**MATERIALS PROVIDED:**

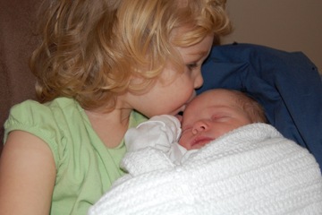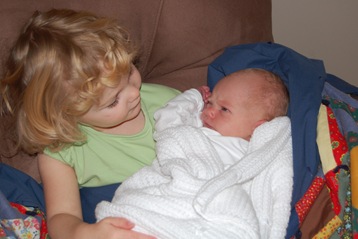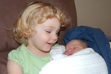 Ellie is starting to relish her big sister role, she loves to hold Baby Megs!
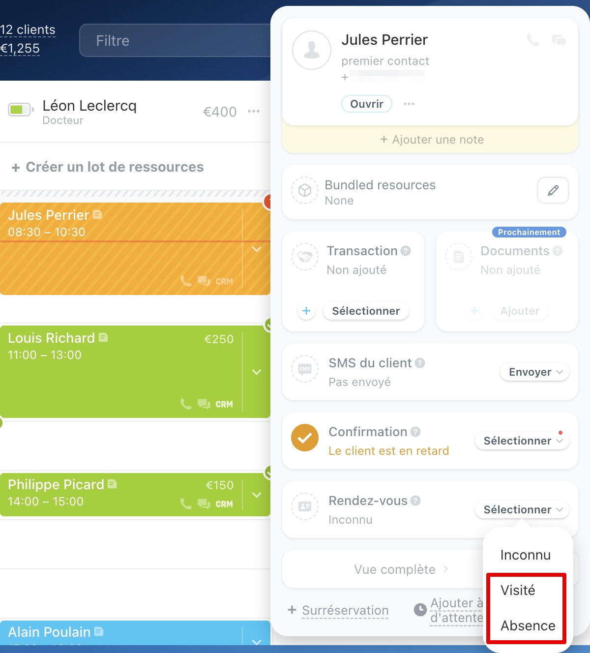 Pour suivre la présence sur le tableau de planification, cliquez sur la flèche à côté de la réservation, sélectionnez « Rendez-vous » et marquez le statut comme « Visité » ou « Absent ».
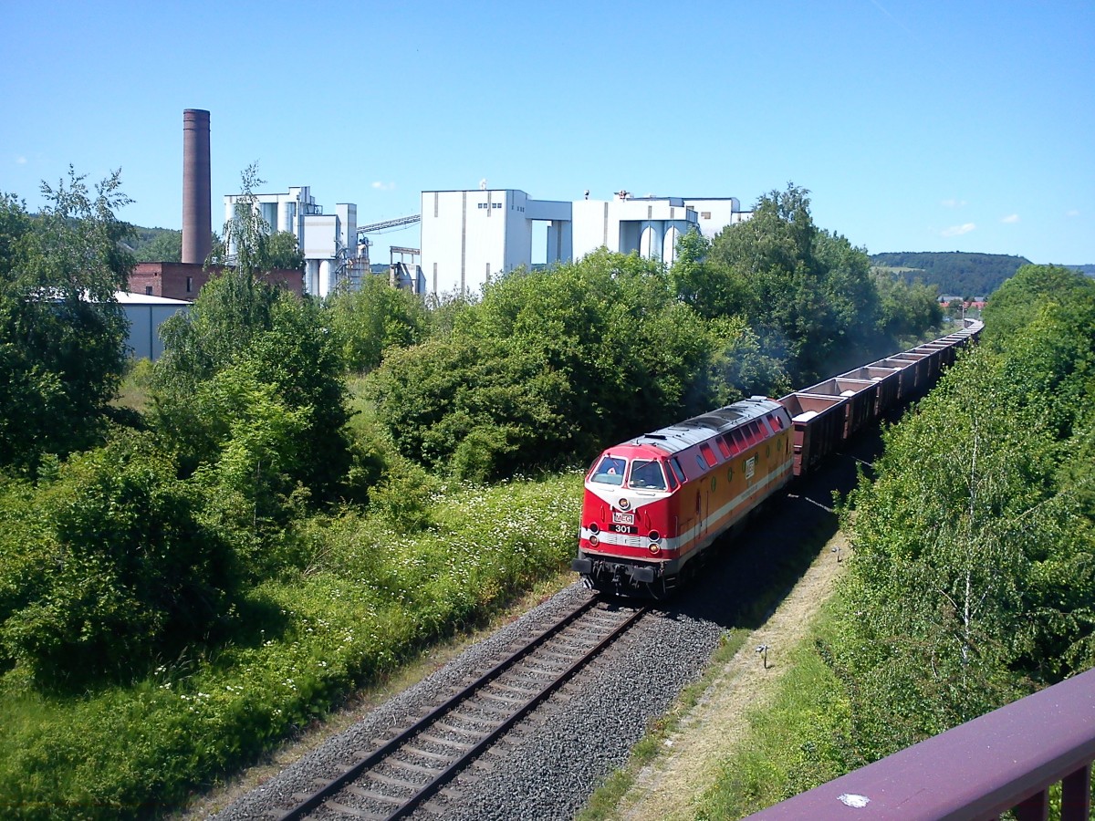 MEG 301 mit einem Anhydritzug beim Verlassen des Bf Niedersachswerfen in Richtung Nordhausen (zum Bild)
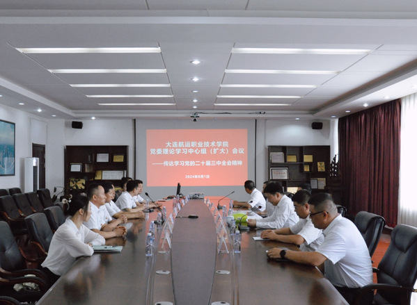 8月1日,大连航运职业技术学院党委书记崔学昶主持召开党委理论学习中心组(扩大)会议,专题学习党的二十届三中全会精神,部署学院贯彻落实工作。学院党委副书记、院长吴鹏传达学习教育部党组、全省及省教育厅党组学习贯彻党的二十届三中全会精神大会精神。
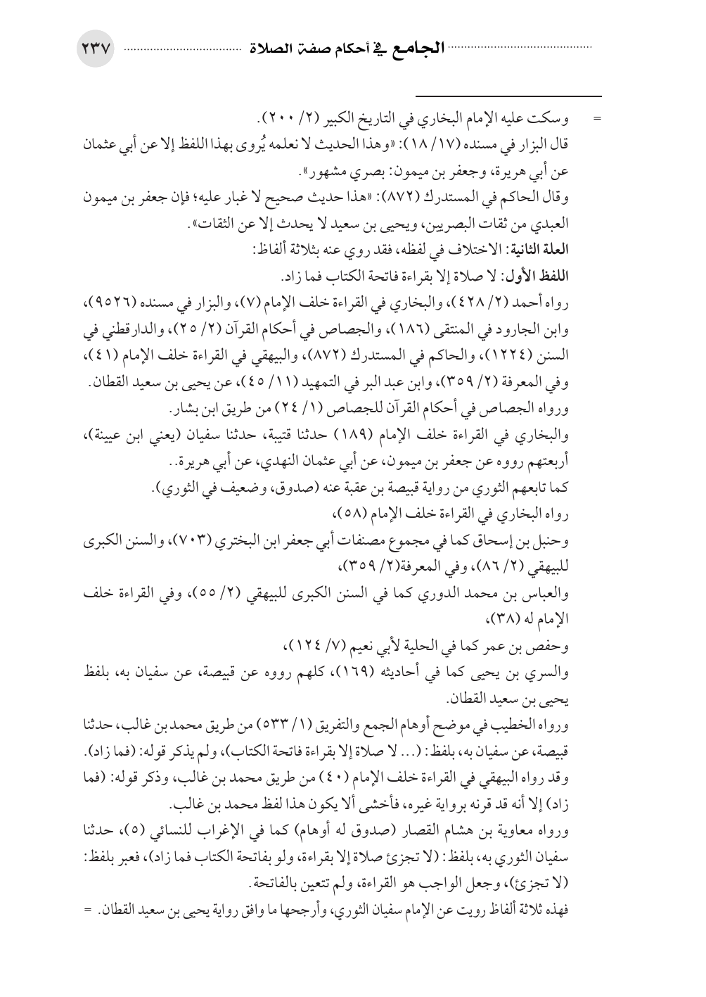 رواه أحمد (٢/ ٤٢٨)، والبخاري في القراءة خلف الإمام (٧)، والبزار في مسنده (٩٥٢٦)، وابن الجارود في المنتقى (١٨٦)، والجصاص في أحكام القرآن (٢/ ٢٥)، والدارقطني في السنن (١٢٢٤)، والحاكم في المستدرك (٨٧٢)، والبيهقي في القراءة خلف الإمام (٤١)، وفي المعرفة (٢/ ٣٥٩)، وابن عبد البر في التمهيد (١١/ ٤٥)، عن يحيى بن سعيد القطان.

**ACTIVITY:**
What you give back must be exactly the lines of the listing above from the line containing "MEG 301 mit" through its last line, inclusive, without pictures, please.

**RESULT OF THIS EXERCISE:**
 MEG 301 mit einem Anhydritzug beim Verlassen des Bf Niedersachswerfen in Richtung Nordhausen (zum Bild)
 8月1日,大连航运职业技术学院党委书记崔学昶主持召开党委理论学习中心组(扩大)会议,专题学习党的二十届三中全会精神,部署学院贯彻落实工作。学院党委副书记、院长吴鹏传达学习教育部党组、全省及省教育厅党组学习贯彻党的二十届三中全会精神大会精神。
 رواه أحمد (٢/ ٤٢٨)، والبخاري في القراءة خلف الإمام (٧)، والبزار في مسنده (٩٥٢٦)، وابن الجارود في المنتقى (١٨٦)، والجصاص في أحكام القرآن (٢/ ٢٥)، والدارقطني في السنن (١٢٢٤)، والحاكم في المستدرك (٨٧٢)، والبيهقي في القراءة خلف الإمام (٤١)، وفي المعرفة (٢/ ٣٥٩)، وابن عبد البر في التمهيد (١١/ ٤٥)، عن يحيى بن سعيد القطان.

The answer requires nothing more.